Why would you do it, was Leia's first numbing thought when she received Tico's communication. Groaning, she rubbed her temples, cursing their limited security as their officers fell one by one. Sergeant Ki'al should have known that a maintenance crewman checking on light fixtures wasn't his relief. He had no business instructing Tico to hold the position, even for a kaf break. I work with nerf herders, was Leia's resigned thought.
Poe had known that he'd caught a lapse in security, and rather than pull an officer from their relief forces, he had charmed his way right into the enemy's cell.
Leia ought to demote him to captain and toss him into a cell of his own. Insubordination was intolerable among any of their crew.
She replayed the recording a fourth time.
"You're not a monster..."
"You're a fool, Dameron!"
Oh Poe, Leia mourned, her heart twisting in sympathy as he left the cell, his shoulders drawn ub with strain.
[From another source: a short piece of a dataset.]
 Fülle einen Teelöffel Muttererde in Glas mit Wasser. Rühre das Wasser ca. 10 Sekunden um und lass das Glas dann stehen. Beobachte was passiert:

You never cease to follow up on him, as if any moment he might turn around and be your little friend again.
What did a cadet see in a violent child? What did a pilot sense in a war criminal who was beyond his mother's amnesty? What goodness did Poe still anticipate, as if it might pierce the darkness in her son?
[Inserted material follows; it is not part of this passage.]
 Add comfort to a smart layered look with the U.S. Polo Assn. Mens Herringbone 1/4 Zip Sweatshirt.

Why did she still sense the light pulling around Kylo Ren, even after he murdered his father?
Han, what would you do? Leia wondered, running a hand through her brittle, greying hair. She had forced herself to listen to Rey's recollection of Han's death, both women faltering in stages as grief pulsed through their numbed state of denial. Finn's report had been passionate and furious, lashing against Kylo Ren with sheer emotion, neglecting to observe any purpose or motive besides, "He's Kylo Ren. He won't stop killing until the Resistance is finished."
Yet even Darth Vader had killed thousands of Jedi and still felt drawn towards the light, ere the end. Luke had refused to give up hope for his father.
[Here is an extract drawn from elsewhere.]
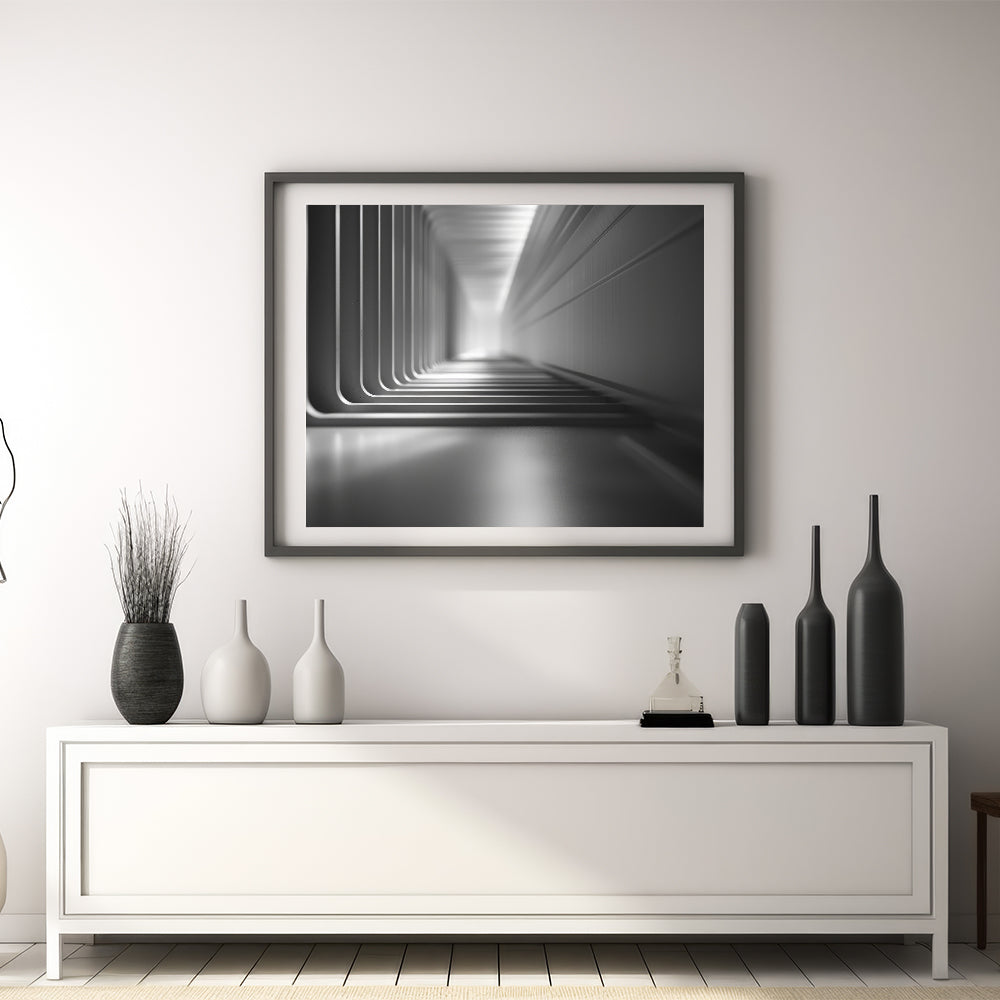Explore the depths of modern design with our Futuristic Minimalist Corridor Art, a captivating black-and-white print that draws the viewer into a seemingly endless perspective. This artwork beautifully captures the essence of contemporary architecture through its clean lines and the dramatic interplay of light and shadow.

And neither will Poe, Leia realized, sighing as she played the footage again. In spite of his denial, and the cold rage that clenched his hands whenever he neared the hall to the cell block, he could not quench his own spirit. Shara's mercy ran deep in her boy.
He senses something, Leia acknowledged. Though the pilot saw little purpose in lightsabers and mythical beings who lived on in the Force, there was more behind his skills than "dang good piloting." He instinctively knew who to trust. Who else would single out the one stormtrooper in a melee who refused to fire his gun? He miraculously accounted for hazards in mid-flight, skirting around enemy fire and skimming over obstructions with centimeters to spare. Long ago, he almost seemed to be intuitive to the moment when Ben would lash out uncontrollably. Somehow he was always there at the moment when he was most needed.
Oh Poe, Shara had it too, Leia pondered compassionately, remembering a pilot who might have been a Jedi had there never been an Empire. You don't understand your own gifts.
If Poe sensed goodness in the man who had tormented him time and time again; if he still sought the light in one who seemed the furthest away...
Then what in the blazes was she doing puttering around with protocol when her son was sulking in solitary confinement?
"Han, you'd better be up there scolding him," Leia growled, casting a dark look at the golden dice dangling from her console. "Because you've left that crazy kid completely in my hands, and I'm about to shoot him."
There were no second chances for traitors, but there were motives behind murder. Leia had been left in the dark long enough.
She was going to have a little face-to-face chat with Kylo Ren.